● **What is needed**: What are the lines from the top of the entries through the one with "8月23日,学习贯彻党的二十"? Write them out exactly, with no pictures.

******************************

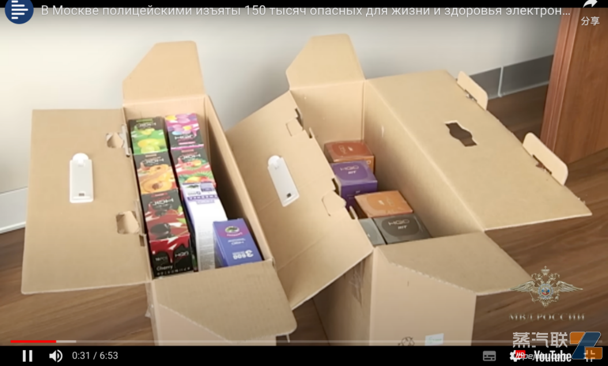 根据俄罗斯媒体mvdmedia的报道,莫斯科警方成功查获了15万支非法一次性电子烟,这些被扣押的产品的部分外包装上标有“HQD”的字样。|图源:mvdmedia
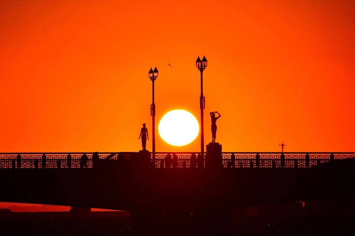 ・北海道の三大名橋「幣舞橋」から夕日を中継
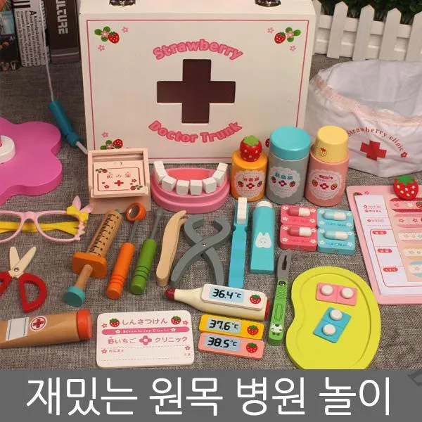 재밌는 원목 병원놀이 의사놀이 치과놀이세트 장난감, 08 병원놀이세트 F타입(+링거+의사가운)33pcs
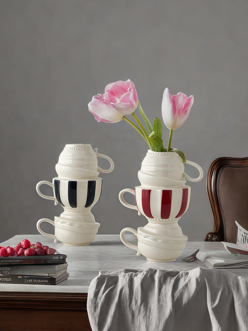 1pc cup overlapping shape ceramic vase modern European and American style design small fresh vase can be used to decorate the vase
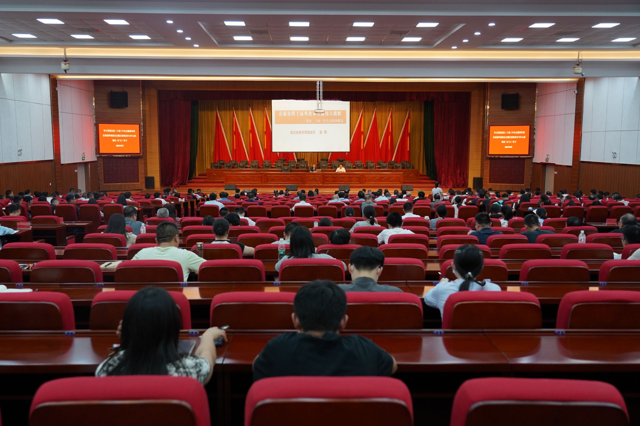 8月23日,学习贯彻党的二十届三中全会精神市委宣讲团华容报告会暨区委理论学习中心组集体(扩大)学习会议举行,省委宣讲团成员、beats365党委常委、组织部长金艳作示范宣讲报告。市委宣传部常务副部长刘荣出席,区委副书记、区长龚骏主持报告会。
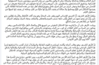 قلل مراقبون من اعتذار أعلنته مشيخة الأزهر الشريف عن حذف بيان "نداء عالمي" الذي حملت فيه المطبعين مع الاحتلال والمتعاونين معه على أرواح المسلمين في غزة، واعتبروه تبريرا ...
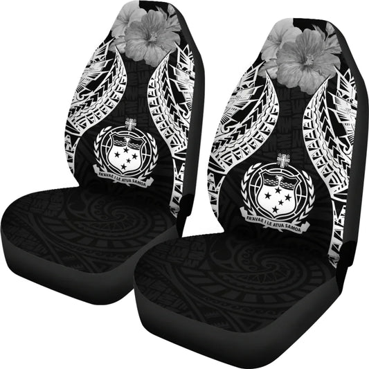 Samoa Car Seat Cover - Samoa Coat Of Arms, Polynesian Tattoo White And Black
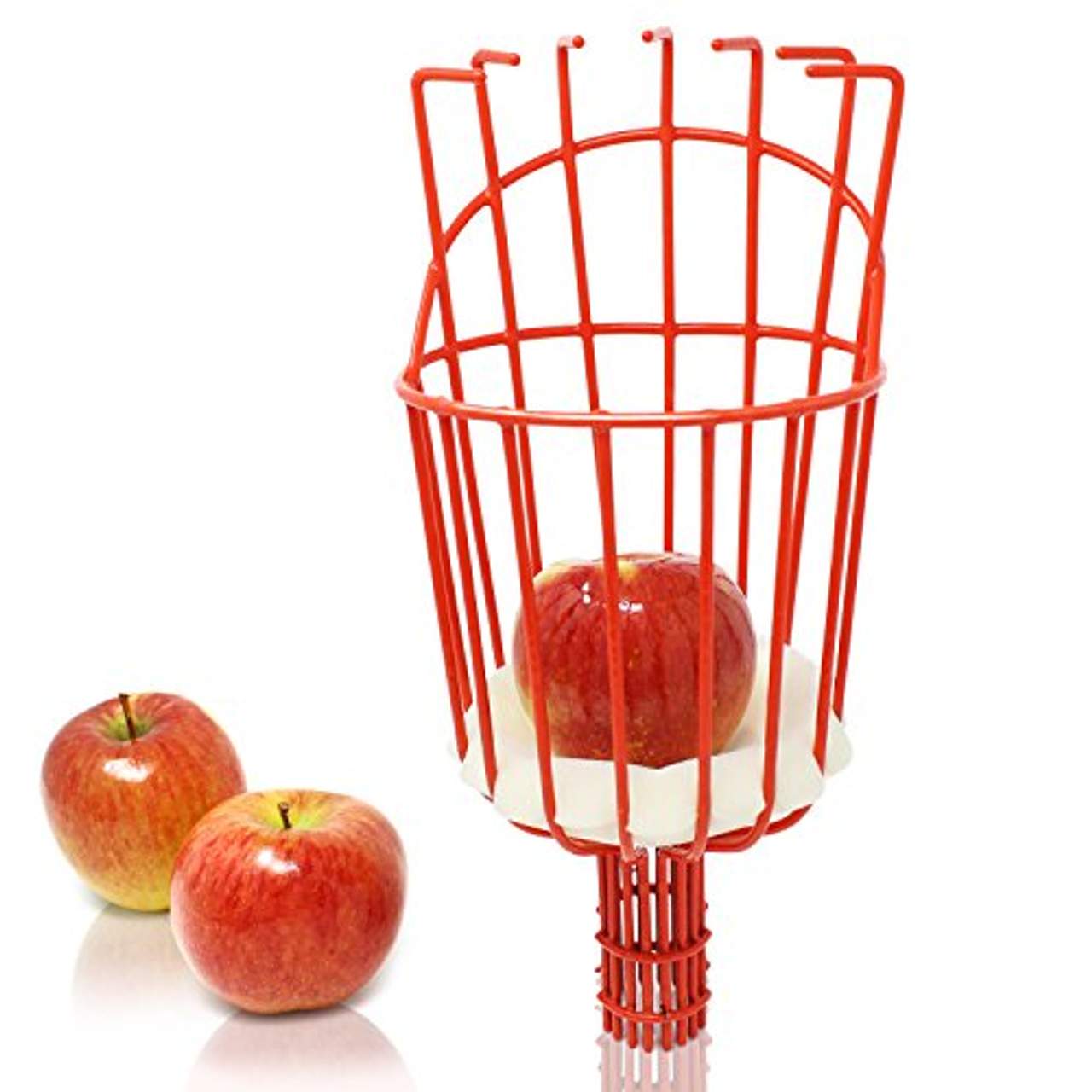 gut sortierten Baumarkt.Der Obstpflückkorb ist aus stabilem Stahl gefertigt und verfügt über eine rote PVC-Beschichtung, die ihn vor Rost schützt.Mithilfe der Zacken lassen sich Äpfel, Birnen und andere Früchte greifen, die anschließend durch ein leichtes Schütteln gelöst werden können.
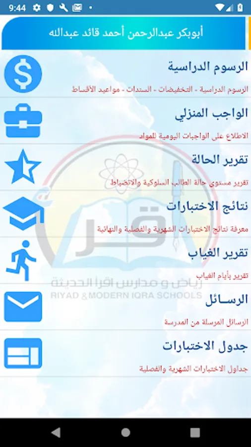 This application helps parents obtain academic and financial information and status reports on their children at Iqra schools. It is the link between school and home in order to enhance school performance and cooperation between the home and school in raising students' level.
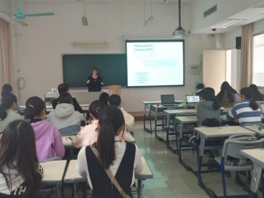 2019年12月5日下午,由英语教育公司主办的英语教育大讲堂系列讲座在bevictor伟德官网南校区举行。受公司邀请,布里斯托大学教育公司高级讲师、公司教育博士项目主任Janet Orchard为公司师生做了一次精彩的教师专业发展研究方面的讲座。本次讲座的主题为“教师的哲学——教师专业发展共同体情境下的职前教师教育新模式”(Philosophy for Teachers (P4T) - Promising possibilities for philosophy in the context of a professional development community),由柯晓玲副教授主持讲座。
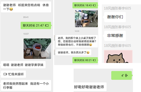 为保证活动的顺利进行,活动前,学工办出台活动方案,统计需要帮助打包邮寄员工的信息,联系快递点。活动中,师生党员点对点服务毕业生打包邮寄行李。负责打包的党员师生们通过手机视频通话,让远在家中的毕业生们亲眼见证“整理、打包、搬运、邮寄”全过程。从床上到床下,从书桌到衣柜,一步一步认真整理;从被褥到鞋服,从书籍到零碎物品,分门别类打包得井井有条,受到了毕业生们的一致好评。

******************************

● **Solution to the problem**:
 根据俄罗斯媒体mvdmedia的报道,莫斯科警方成功查获了15万支非法一次性电子烟,这些被扣押的产品的部分外包装上标有“HQD”的字样。|图源:mvdmedia
 ・北海道の三大名橋「幣舞橋」から夕日を中継
 재밌는 원목 병원놀이 의사놀이 치과놀이세트 장난감, 08 병원놀이세트 F타입(+링거+의사가운)33pcs
 1pc cup overlapping shape ceramic vase modern European and American style design small fresh vase can be used to decorate the vase
 8月23日,学习贯彻党的二十届三中全会精神市委宣讲团华容报告会暨区委理论学习中心组集体(扩大)学习会议举行,省委宣讲团成员、beats365党委常委、组织部长金艳作示范宣讲报告。市委宣传部常务副部长刘荣出席,区委副书记、区长龚骏主持报告会。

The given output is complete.